Three Grains of Sand

July 28, 2008

When I taught high school, for a while I participated in a half-day alternative school called “Alternative Futures.” Our goal was to prepare young people for a rapidly evolving future.

When I was young, I read a lot of science fiction. As someone with a small talent at writing (and not much else), I dreamed of being a science fiction writer. I made a few stabs; it was obvious to me that my talents do not lie in the direction of writing fiction.

As a young person, science fiction was mostly a form of escapism for me, though I did think about what it said. As an old person, the science fiction I read about when I was young is now coming true.

When I wrote an earlier scrap of blog science fiction, Spectrum wrote:

What about RG? What about her future? I don’t like this dream.
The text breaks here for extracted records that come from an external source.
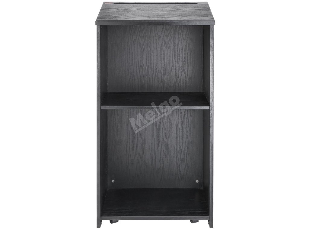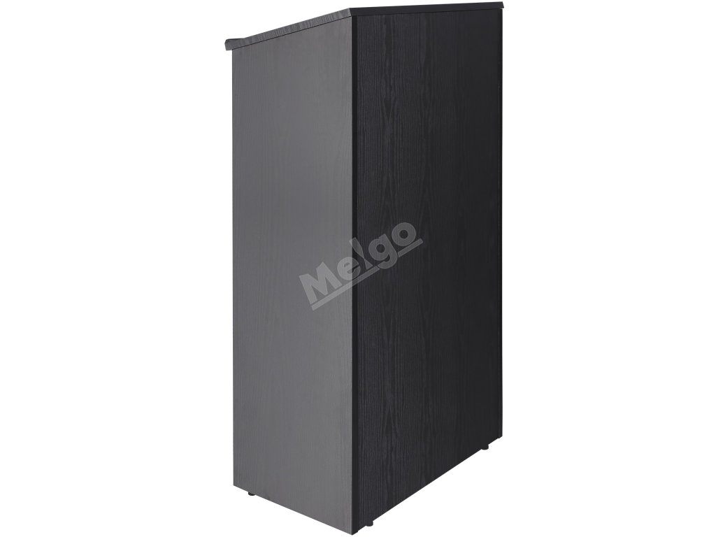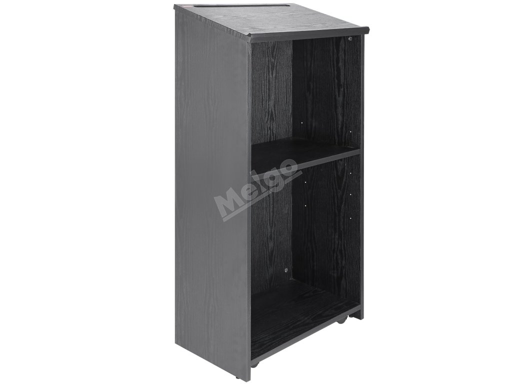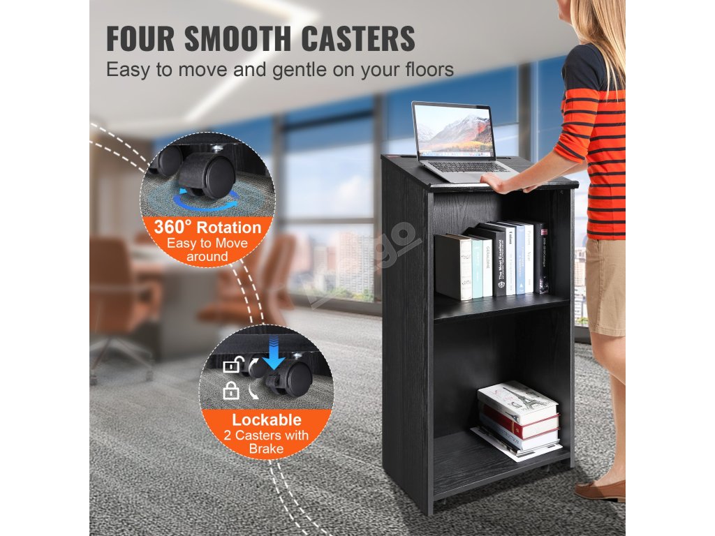 Řečnický pult s náklonem a policemi, 119 cm, 4 kolečka, dřevo, černá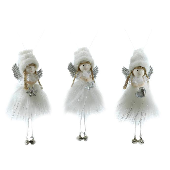 Dekoracija za bor u obliku anđela, visine 20 cm, dolazi u bijelo-srebrnoj boji.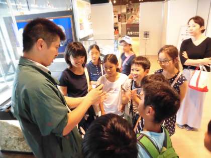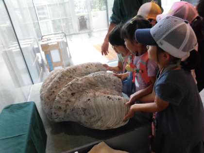博物館では、オオシャコガイという世界で一番大きな200kgにもなる貝を触ったり、大きな魚が小さい魚を食べる「食物連鎖」を見せていただいたり、バニラアイスクリームのバニラの種を手に取ってにおいを体感したりするなど、動物から植物まで盛りだくさんの講座となりました。子ども達は、生き物の生態やその不思議さに「お〜」と感激の声をあげ、とても楽しい1日となりました。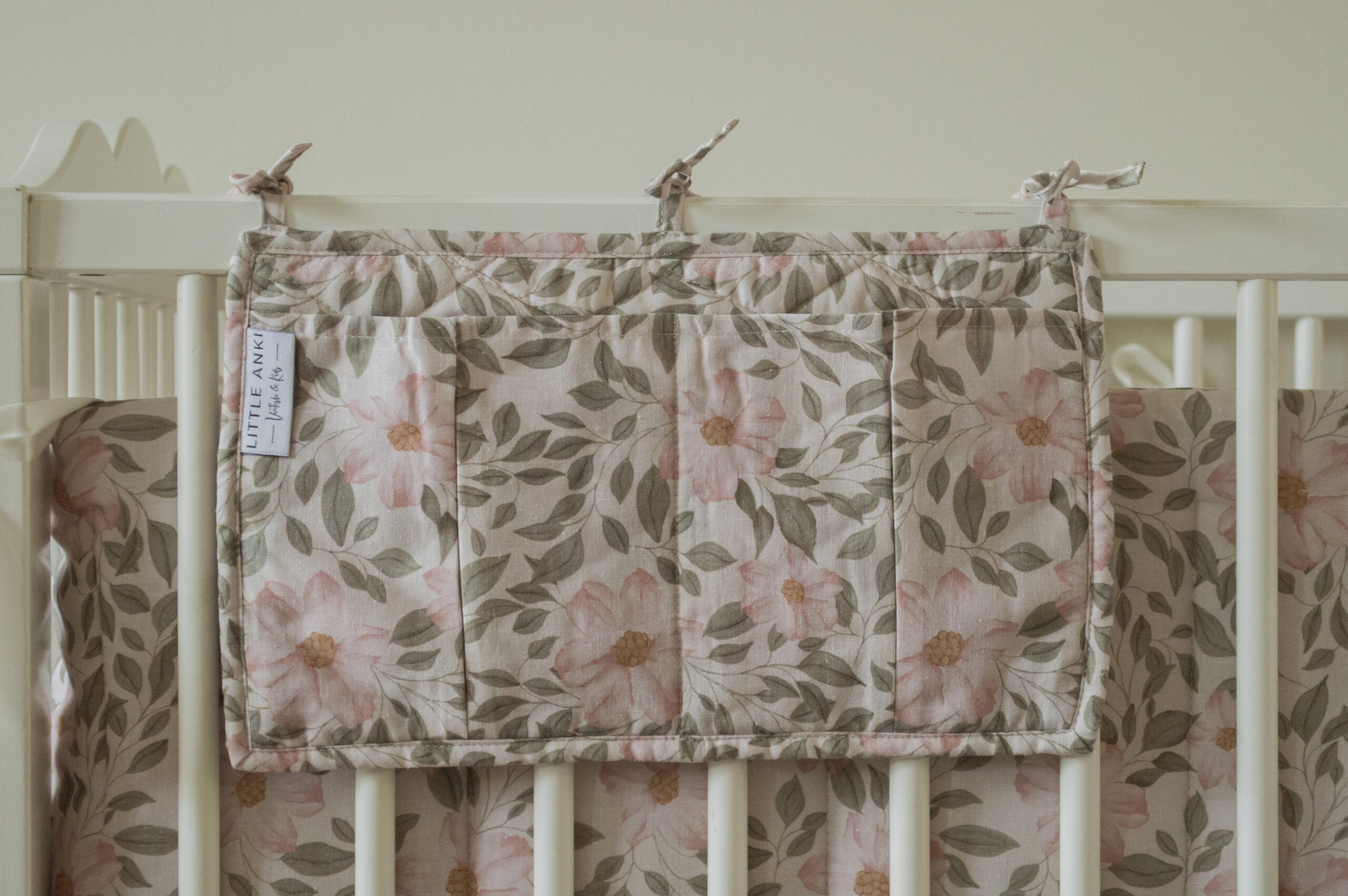 Spjälsängsfickan knyts fast på spjälsängen och är perfekt förvaring till nappar, salvor, vällingflaskan och andra smågrejer som är bra att ha nära till hands.
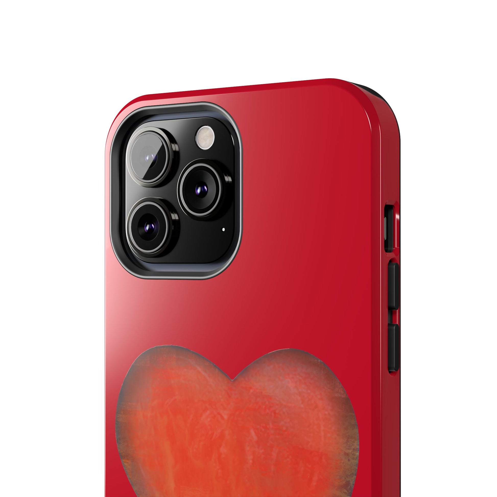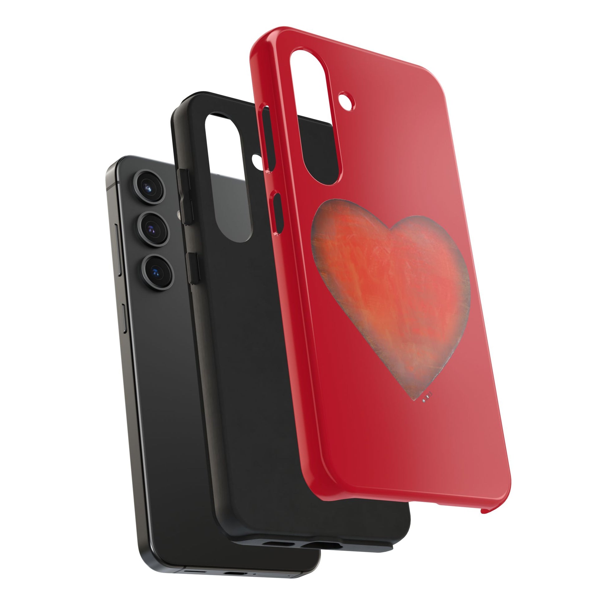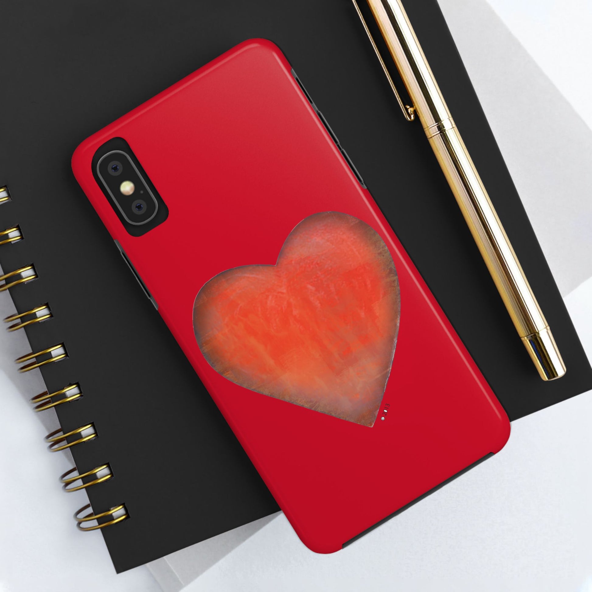 A red phone case perfect for Valentine's Day gifting. Hand painted heart by SAGJOL. This tough phone case is designed to provide maximum protection for your phone while adding a pop of color. Ideal for those who want a durable yet stylish phone accessory. Perfect for Valentine's Day and everyday use.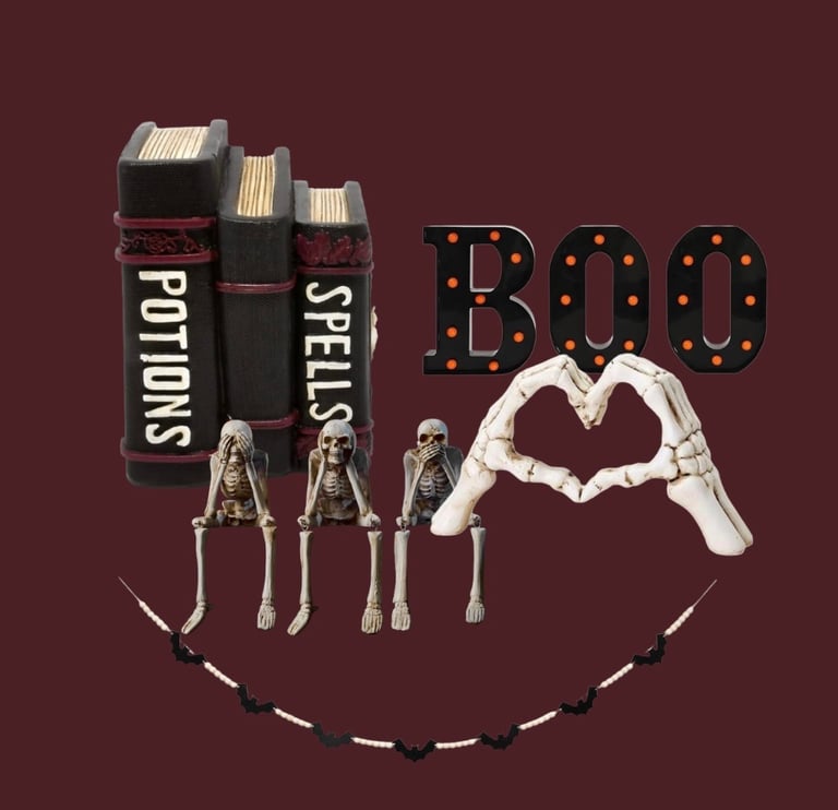Start with the gauzy backdrop, anchor your look with the spell book décor, and layer in sculptural elements like the heart hands and skeleton trio. Finish with the marquee lights and bat garland for a touch of glow and texture.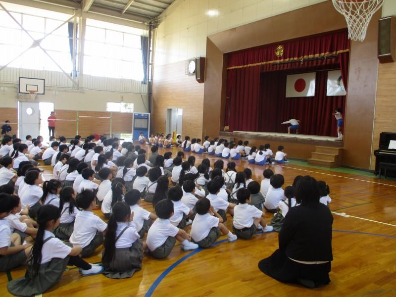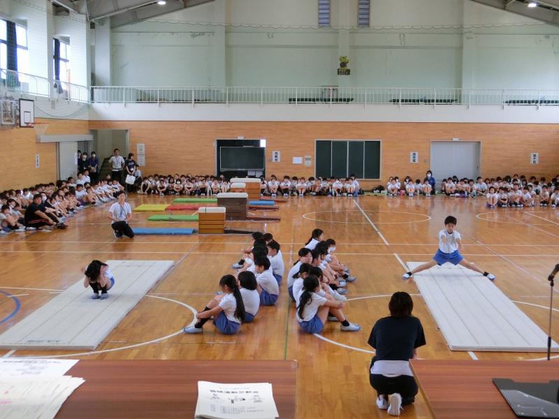 6月5日(水)に内灘町立向粟崎小学校の体育館で、内灘町器械運動交歓会が行われました。4年生49名が一丸となり、4月からたくさん練習してきた成果を発揮することができました。また、他校の演技を見て、「あの技ができるようになりたい!」と器械運動交歓会が終わった後も、休み時間に一生懸命鉄棒の練習をする子もいました。器械運動交歓会を通して、心身ともにたくましく成長した姿が見られ、とても素晴らしかったです。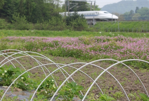 こんばんは、5月も10日になりました。ほんとに早いーー結婚記念日を迎えました。何回目になるのか、、まーさんも知らんそうです。計算したら35回目のようだけど、よっぱーなので、正確に計算できないデス。お昼はまーさんが食事に連れて行ってくれました。覚えていたのね、良い事です。いつものラーメンでもなくうどんでもなく豪華にいただきました~会席料理でしたから、次の料理が来るまでの間がもてないコト。。。。。。さて、今日の鉄です。イチゴの花が咲いてましたよ。れんげも咲いても麦も青々としてまさに5月。一番過ごしやすい時期ですね。昨日は神社にも行ってみましたそういえば桜の頃もでかけたのでした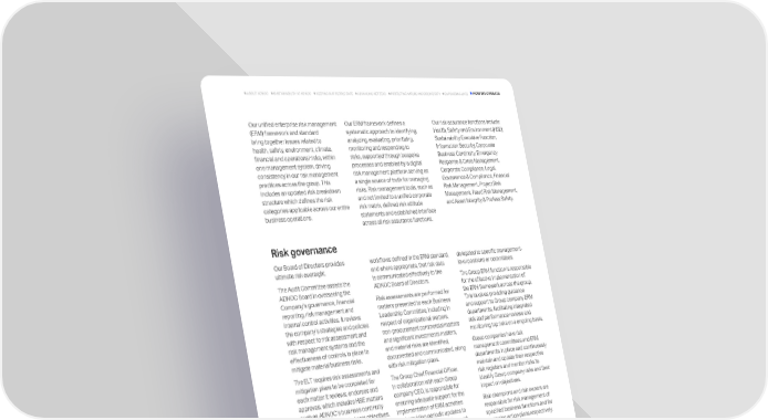 Our unified enterprise risk management (ERM) framework and standard bring together issues related to health, safety, environment, climate, financial and operational risks, within one management system, driving consistency in our risk management practices across the group. This includes an updated risk breakdown structure which defines the risk categories applicable across our entire business operations. Our ERM framework defines a systematic approach to identifying, analyzing, evaluating, prioritizing, monitoring and responding to risks, supported through bespoke processes and enabled by a digital risk management platform serving as a single source of truth for managing risks. Risk management tools, such as and not limited to a unified corporate risk matrix, defined risk attitude statements and established interface across all risk assurance functions. Our risk assurance functions include: Health, Safety and Environment (HSE), Sustainability Executive Function, Information Security, Corporate Business Continuity, Emergency Response & Crisis Management, Corporate Compliance, Legal, Governance & Compliance, Financial Risk Management, Project Risk Management, Fraud Risk Management, and Asset Integrity & Profess Safety. Risk governance Our Board of Directors provides ultimate risk oversight. The Audit Committee assists the ADNOC Board in overseeing the Companys governance, financial reporting, risk management and internal control activities. It reviews the companys strategies and policies with respect to risk assessment and risk management systems and the effectiveness of controls in place to mitigate material business risks. The ELT requires risk assessments and mitigation plans to be completed for each matter it reviews, endorses and approves, which includes HSE matters such as ADNOCs business continuity plans, HSE policies, strategic objectives, strategies and the disclosure of company information relating to production and emissions. The Investment Committee (IC) reviews and endorses the ERM framework and oversees risk data documentation and maintenance, that Risk Action Plans are implemented where appropriate, according to the processes and workflows defined in the ERM standard, and where appropriate, that risk data is communicated effectively to the ADNOC Board of Directors. Risk assessments are performed for matters presented to each Business Leadership Committee, including in respect of organizational matters, non-procurement commercial matters and significant investments matters, and material risks are identified, documented and communicated, along with risk mitigation plans. The Group Chief Financial Officer, in collaboration with each Group company CEO, is responsible for ensuring adequate support for the implementation of ERM activities and providing periodic updates to the ADNOC IC regarding the most significant risks. The CSO is responsible for ensuring that sustainability-related risks are governed through established processes, controls and procedures. The responsibilities related to sustainability oversight are often delegated to specific management- level positions or committees. The Group ERM function is responsible for the effective implementation of the ERM framework across the group. This involves providing guidance and support to Group company ERM departments, facilitating integrated risk and performance reviews and monitoring top risks on a ongoing basis. Group companies have risk management committees and ERM departments in place and continuously maintain and update their respective risk registers and monitor risks to identify Group company risks and their impact on objectives. Risk champions and risk owners are responsible for risk management of specified business functions and for managing action plans respectively. Risk management Risk identification exercises are conducted at least annually. The corporate risk matrix is utilized to consistently assess and prioritize risk based on their potential impact and likelihood against five impact types: HSE, society and reputation, financial, investment value and objectives. For certain risk assurance functions, such as Sustainability Executive Function, bespoke assessment scales are used and calibrated to ERM reporting. We maintain continuous visibility of the top risks across the Group through quarterly reporting from Group companies to their respective business directorates, providing updates on the effective management of risks and their impact on the organization's strategic objectives and business plans. A dedicated in-house ERM training program has been established to promote consistent implementation of ERM activities across the organization and improve the overall risk culture. 131 ADNOC Sustainability Report 2024 HOW WE OPERATE KEEPING OUR PEOPLE SAFE ADVANCING NET ZERO EMPOWERING LIVES SUSTAINABILITY AT ADNOC ABOUT ADNOC PROTECTING NATURE AND BIODIVERSITY

Like three grains of sand in an oyster, Spectrum’s three sentences stimulated me to write three—not pearls—three alternative futures for RG.

They will follow this week.

When my wife and I married, I was 21 and she was 18, way too young to get married. We didn’t hate each other, but I don’t know that we were “in love.” Perhaps not having much romance at the start of our marriage saved our marriage.Without meaning to, and even though we used protection, we conceived a child on our honeymoon. We probably would not have ever had children if it had been up to us, but having a child probably saved our marriage some more.

When our child was born, I thought, “I have no idea how to deal with being a parent. All I know is that I will not do what my parents did.” Surprisingly, I stuck to that vow to at least an 80% consistency. As I struggled to figure out how to be a parent, I developed what I now call, “Mad Scientist Parenting.” Even more surprisingly, my daughter, who will be 42 in August, still speaks to me and visits us voluntarily without nagging.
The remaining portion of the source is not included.